*Provided data*.
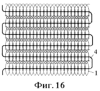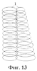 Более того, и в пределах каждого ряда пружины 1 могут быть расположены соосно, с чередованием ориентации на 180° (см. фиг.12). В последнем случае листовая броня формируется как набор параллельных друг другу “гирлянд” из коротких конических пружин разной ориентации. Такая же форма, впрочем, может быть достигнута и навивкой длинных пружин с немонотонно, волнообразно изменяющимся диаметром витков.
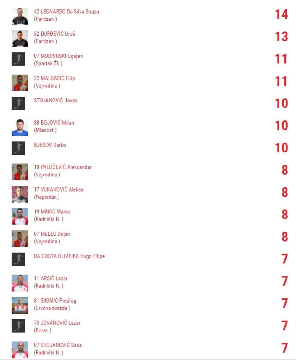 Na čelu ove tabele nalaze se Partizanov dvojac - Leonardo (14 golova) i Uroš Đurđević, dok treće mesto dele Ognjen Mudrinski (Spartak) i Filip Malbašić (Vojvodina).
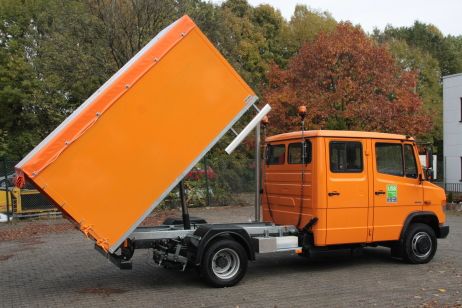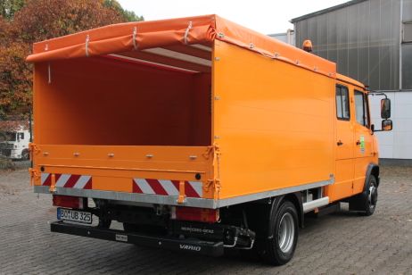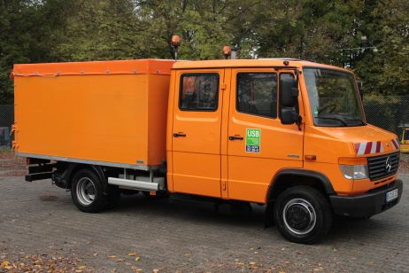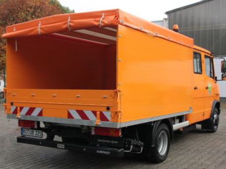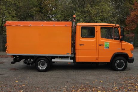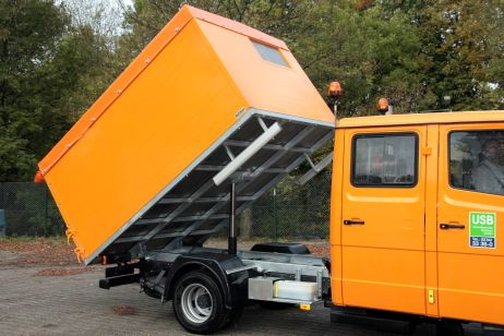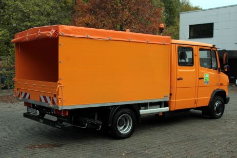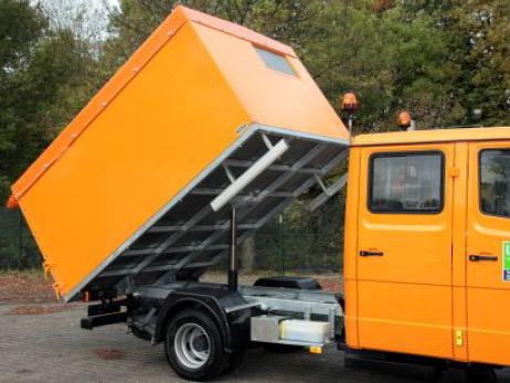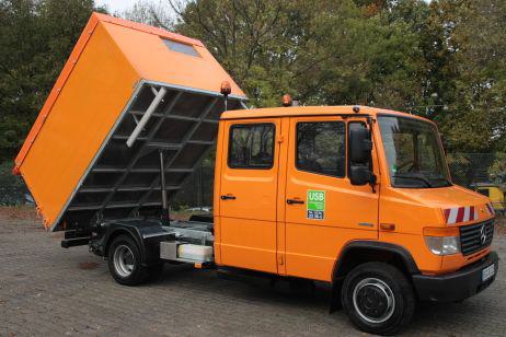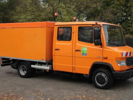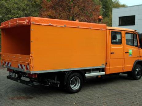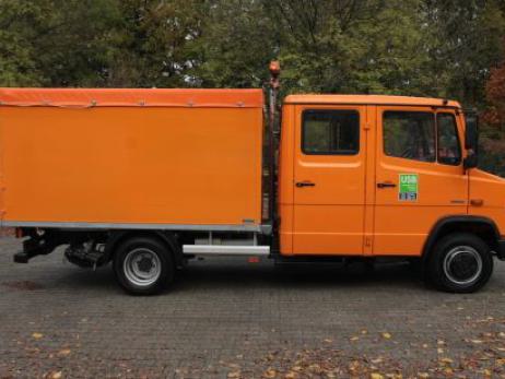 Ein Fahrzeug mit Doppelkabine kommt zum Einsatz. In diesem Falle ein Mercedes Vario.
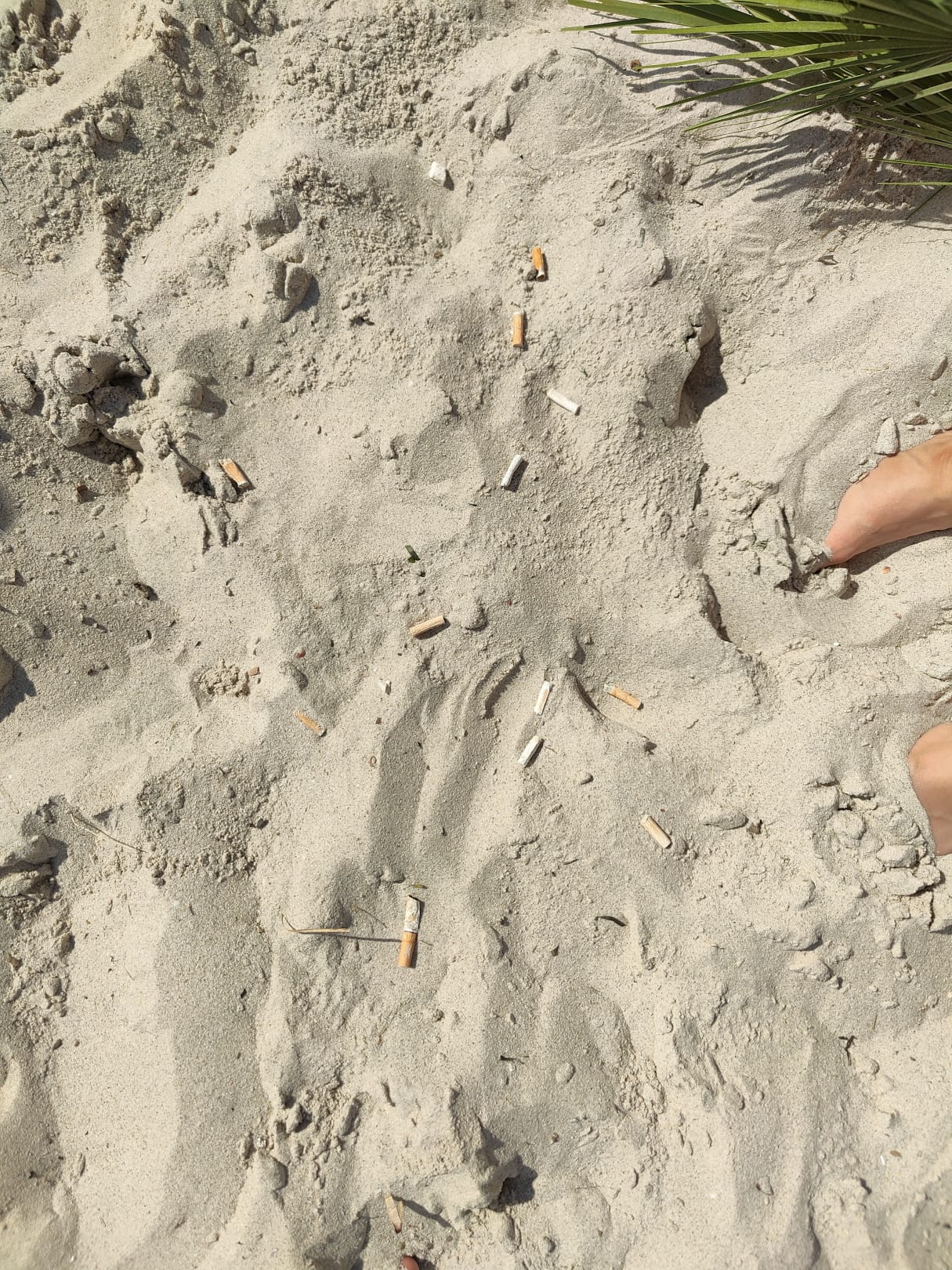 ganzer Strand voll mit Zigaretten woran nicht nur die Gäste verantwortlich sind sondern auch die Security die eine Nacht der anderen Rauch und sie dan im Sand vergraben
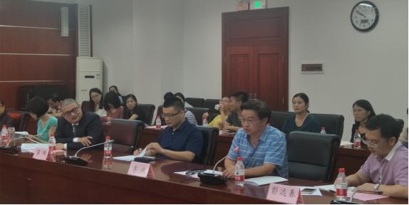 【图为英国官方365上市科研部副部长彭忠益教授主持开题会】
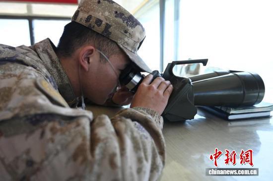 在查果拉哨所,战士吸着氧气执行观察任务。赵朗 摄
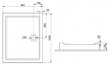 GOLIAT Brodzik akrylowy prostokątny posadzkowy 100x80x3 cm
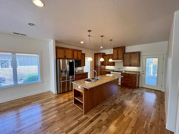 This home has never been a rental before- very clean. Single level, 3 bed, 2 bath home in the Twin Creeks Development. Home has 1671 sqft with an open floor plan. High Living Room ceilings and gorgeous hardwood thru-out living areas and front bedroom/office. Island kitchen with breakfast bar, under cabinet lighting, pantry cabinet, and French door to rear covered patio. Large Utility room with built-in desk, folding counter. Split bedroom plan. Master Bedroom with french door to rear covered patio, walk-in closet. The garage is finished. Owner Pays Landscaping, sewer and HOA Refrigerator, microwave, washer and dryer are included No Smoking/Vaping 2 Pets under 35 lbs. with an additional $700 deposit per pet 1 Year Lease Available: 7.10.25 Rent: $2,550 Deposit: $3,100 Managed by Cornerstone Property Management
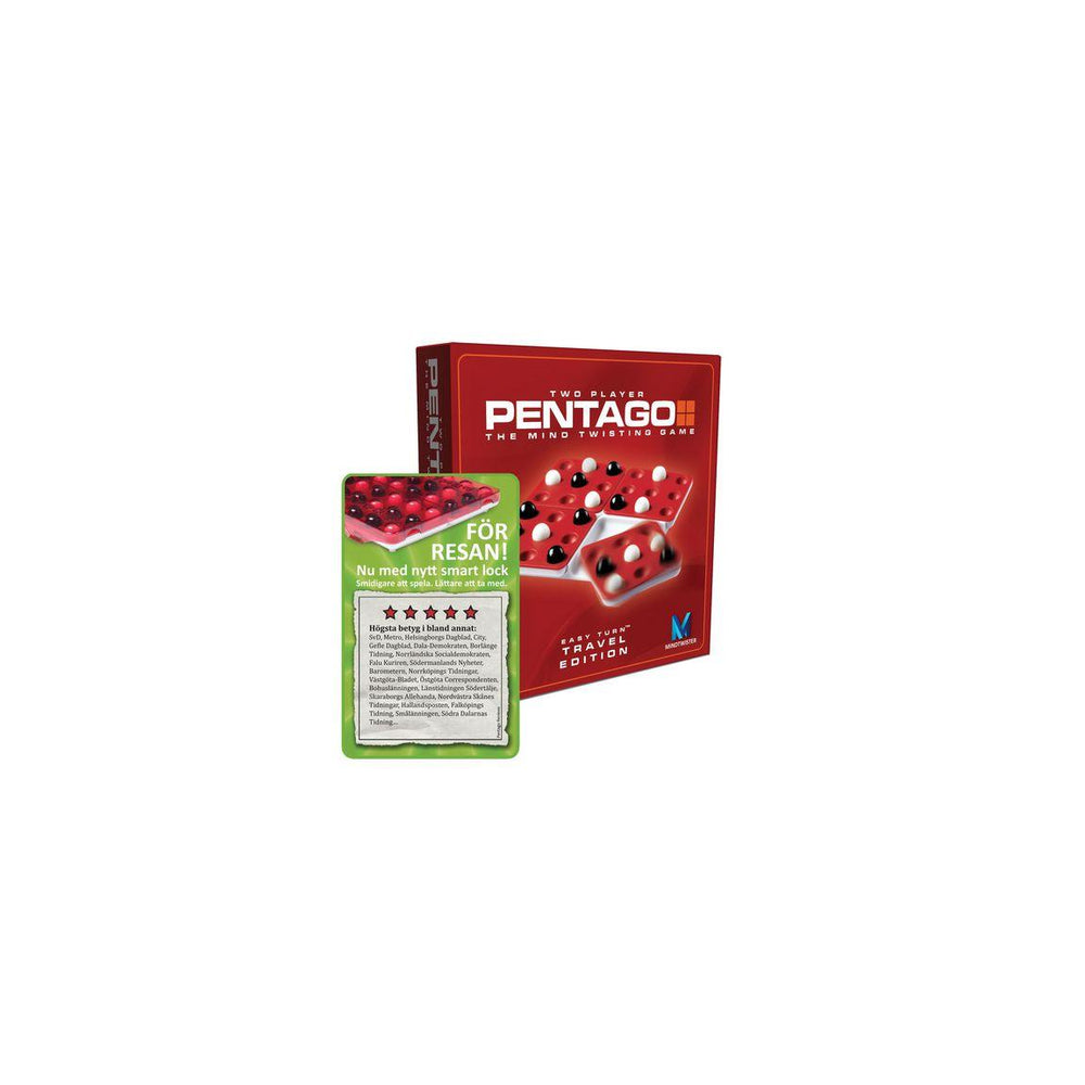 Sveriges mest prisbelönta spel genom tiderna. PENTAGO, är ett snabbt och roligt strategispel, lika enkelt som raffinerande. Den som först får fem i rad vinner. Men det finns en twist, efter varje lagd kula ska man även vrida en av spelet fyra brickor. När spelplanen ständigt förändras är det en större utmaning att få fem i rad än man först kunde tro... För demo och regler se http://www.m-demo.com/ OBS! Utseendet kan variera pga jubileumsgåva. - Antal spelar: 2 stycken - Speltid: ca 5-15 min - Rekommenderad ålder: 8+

*Try it*. Each line above from the one containing "Na čelu ove" through the one containing "Ein Fahrzeug mit" is to be returned verbatim. Nothing else, and no pictures.

*Your response*.
 Na čelu ove tabele nalaze se Partizanov dvojac - Leonardo (14 golova) i Uroš Đurđević, dok treće mesto dele Ognjen Mudrinski (Spartak) i Filip Malbašić (Vojvodina).
 Ein Fahrzeug mit Doppelkabine kommt zum Einsatz. In diesem Falle ein Mercedes Vario.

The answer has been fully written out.